The stove IS on the wall between the house and an attached garage. Technically it's an outside wall (garage is unheated, but _is_ insulated) but the chimney isn't subject to outside temps, at least for the first half of its height (the garage rarely goes below freezing unless outside temps are in the single digits.. even before we got the stove).

I'll try to find a way to seal around the surround, but since it's not a flat wall (bricks, so there are horizontal mortar joints) it may be a bit tricky to not only do, but do in a way that doesn't look like heck, that's why I was considering shoving something up the chimney instead.

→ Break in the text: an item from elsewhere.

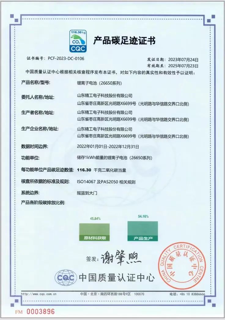 7月24日,山东精工电子科技股份有限公司的锂离子电池(26650系列)获得中国质量认证中心颁发的产品碳足迹证书,这是山东省锂电池产品首张产品碳足迹证书。
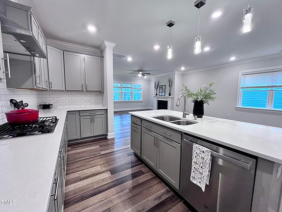 Welcome to this exquisite luxury single house located in the heart of RTP! This sunny open-plan home features beautiful hard flooring throughout the main areas and oak tread stairs. Cozy up to the fireplace on chilly evenings. The kitchen is a chef's delight with a huge island, quartz countertops, stainless steel appliances, a gas range hood, a stylish tile backsplash and a huge walk-in pantry with wood shelves. The first floor includes an in-law suite for added convenience. On 2nd floor the spacious owner's suite boasts a tray ceiling and a walk-in closet. Both the owner's bath and hall bath feature dual vanities, and the first and second floors offer walk-in tiled showers. Every Bedroom has a walk-in closet to provide enough storage. Enjoy a large loft area for additional living space. Relax on the screened porch and take in the serene wooded views. As a resident, you'll have access to fantastic community amenities including indoor/outdoor pools, tennis, basketball, football fields, a dog park, playground, 24/7 gym, game rooms, and a clubhouse. With easy access to major thoroughfares, this location provides convenience and accessibility to everywhere you need to be. 2-year new refrigerator, washer, dryer and a Ring system are included. Don't miss the opportunity to make this luxurious single house your new home!

To answer the question of what I think of the stove, it's a wonderful stove and really kicks out heat when it's going. I'm pretty sure that any performance issues I have are related to the install, not the stove. The firebox is on the small side, so don't expect to heat a 3200 ft^2 house with it, but it does an OK job of heating my 2200 ft^2 almost on it's own (we bought it for supplemental heat, and it's done wonderfully). Definitely double-check the install though. It's door gasketing is a bit tricky (2 doors, one closes on top of the other) and mine was installed with a poorly adjusted door latch. The manual talks about adjusting the latch if the dollar bill test fails, but doesn't explain how (took me a while, but I finally dug in and figured it out). It wasn't until recently that I realized the gaskets were leaking, runs much better now, but still cools faster than I'd expect.

-Hal
 
HalJason said:
To answer the question of what I think of the stove, it's a wonderful stove and really kicks out heat when it's going. I'm pretty sure that any performance issues I have are related to the install, not the stove. The firebox is on the small side, so don't expect to heat a 3200 ft^2 house with it, but it does an OK job of heating my 2200 ft^2 almost on it's own (we bought it for supplemental heat, and it's done wonderfully). Definitely double-check the install though. It's door gasketing is a bit tricky (2 doors, one closes on top of the other) and mine was installed with a poorly adjusted door latch. The manual talks about adjusting the latch if the dollar bill test fails, but doesn't explain how (took me a while, but I finally dug in and figured it out). It wasn't until recently that I realized the gaskets were leaking, runs much better now, but still cools faster than I'd expect.

-Hal

Thanks. My house is much smaller (1650 sq ft) so I should have no problem heat wise but with my set-up (smaller rooms and not as open) it will be more of a heat distribution issue. I partially address that now by using my furnace fan to help distribute heat. As to why your unit cools down so fast, I'm not sure. Although it has a cast iron surround and cast iron doors, I believe the firebox itself is steel but it would also seem that the firebricks would help stabilize the temperature. let us know what you find out.
 
HalJason said:
I get plenty of draft, that's truly not an issue. In fact, the burn times are right in line with what I'd expect with a firebox this size. I can keep flames for 2-2.5 hours, and very bright coals for another 2. With a last load at about 9pm, there's no problem with having enough coals around at 7am to rake forward and get it roaring again in no time. -Hal


I know you said it was cooling too fast and this might cause it to cool even faster however, as far as heat is concerned, do you have a fan on this unit? Reason I ask is because the fan is optional on this unit.....
 
castiron said:
Thanks. My house is much smaller (1650 sq ft) so I should have no problem heat wise but with my set-up (smaller rooms and not as open) it will be more of a heat distribution issue. I partially address that now by using my furnace fan to help distribute heat. As to why your unit cools down so fast, I'm not sure. Although it has a cast iron surround and cast iron doors, I believe the firebox itself is steel but it would also seem that the firebricks would help stabilize the temperature. let us know what you find out.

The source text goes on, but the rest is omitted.